GIVEN MATERIAL Block Start

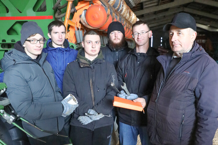 На мехдворе студенты второго курса мелиоративно-­строительного факультета получают мастер-класс по  постановке техники на зимнее хранение под руководством одного из лучших главных инженеров района Сергея Зайца и помогают это сделать качественно и оперативно.
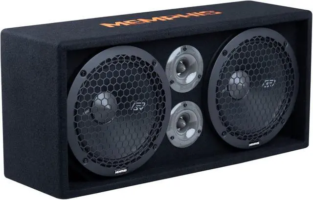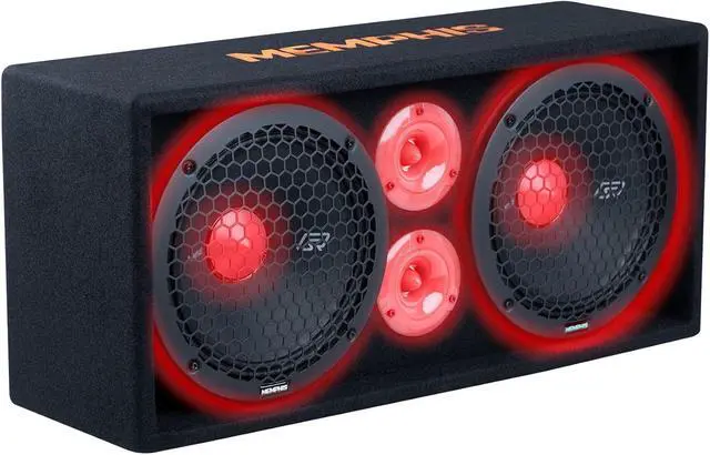 Features of SRXPE10D4F: Memphis Audio SRXPE10D4F SRX Pro Dual 10" Chuchero Car Enclosure w/Tweeters+LED. MEMFUEGO DUAL 10" & DUAL TWEETER ENCLOSURE. 10" high output SR Pro Component Speaker. Fiberglass filled paper cone with cloth edge. RGB dustcap and backlit speaker ring. 55Oz magnet. 25mm high output horn tweeter. PEI diaphragm tweeter. Mylar capacitor tweeter (6dB crossover). RGB backlit horn tweeter. Street Reference Pro Speakers. Dual 10" 2 Way Full Range Loaded Enclosure
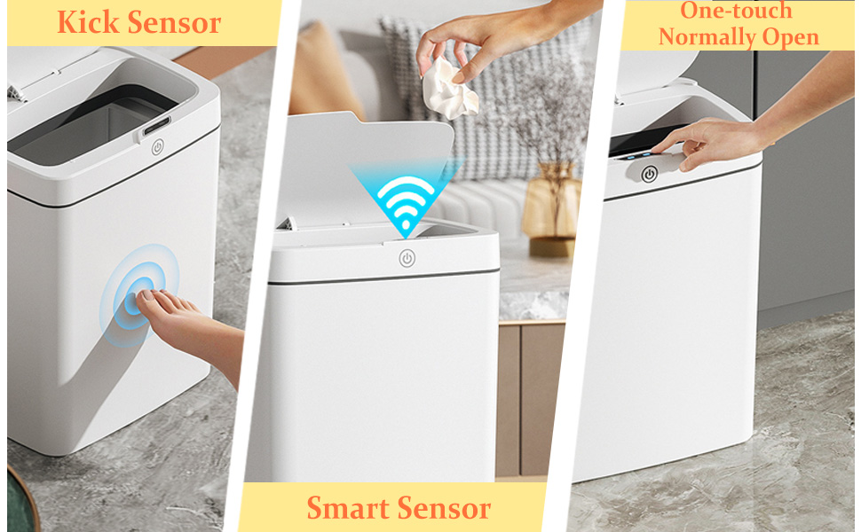 1. Monipuoliset tunnistustilat: infrapuna-anturi, 360° potkuavaus sekä manuaalinen avaus. Infrapuna reagoi 0.2 sekunnissa. 360°-kansi avautuu mistä tahansa suunnasta ilman kumartumista. Yhdellä painikkeella toimiva jatkuva auki -tila helpottaa toistuvaa käyttöä.
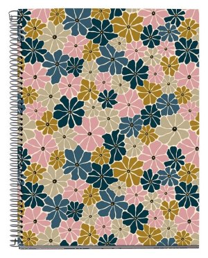 Kroužkový blok v kartonových deskách, potažený matným tištěným papírem.

GIVEN MATERIAL Block End

EXERCISE PROMPT - Please retype, exactly as they appear, the lines from the one with "Features of SRXPE10D4F: Memphis" through the final line of the material, both included, and drop any pictures.

WORKED SOLUTION -
 Features of SRXPE10D4F: Memphis Audio SRXPE10D4F SRX Pro Dual 10" Chuchero Car Enclosure w/Tweeters+LED. MEMFUEGO DUAL 10" & DUAL TWEETER ENCLOSURE. 10" high output SR Pro Component Speaker. Fiberglass filled paper cone with cloth edge. RGB dustcap and backlit speaker ring. 55Oz magnet. 25mm high output horn tweeter. PEI diaphragm tweeter. Mylar capacitor tweeter (6dB crossover). RGB backlit horn tweeter. Street Reference Pro Speakers. Dual 10" 2 Way Full Range Loaded Enclosure
 1. Monipuoliset tunnistustilat: infrapuna-anturi, 360° potkuavaus sekä manuaalinen avaus. Infrapuna reagoi 0.2 sekunnissa. 360°-kansi avautuu mistä tahansa suunnasta ilman kumartumista. Yhdellä painikkeella toimiva jatkuva auki -tila helpottaa toistuvaa käyttöä.
 Kroužkový blok v kartonových deskách, potažený matným tištěným papírem.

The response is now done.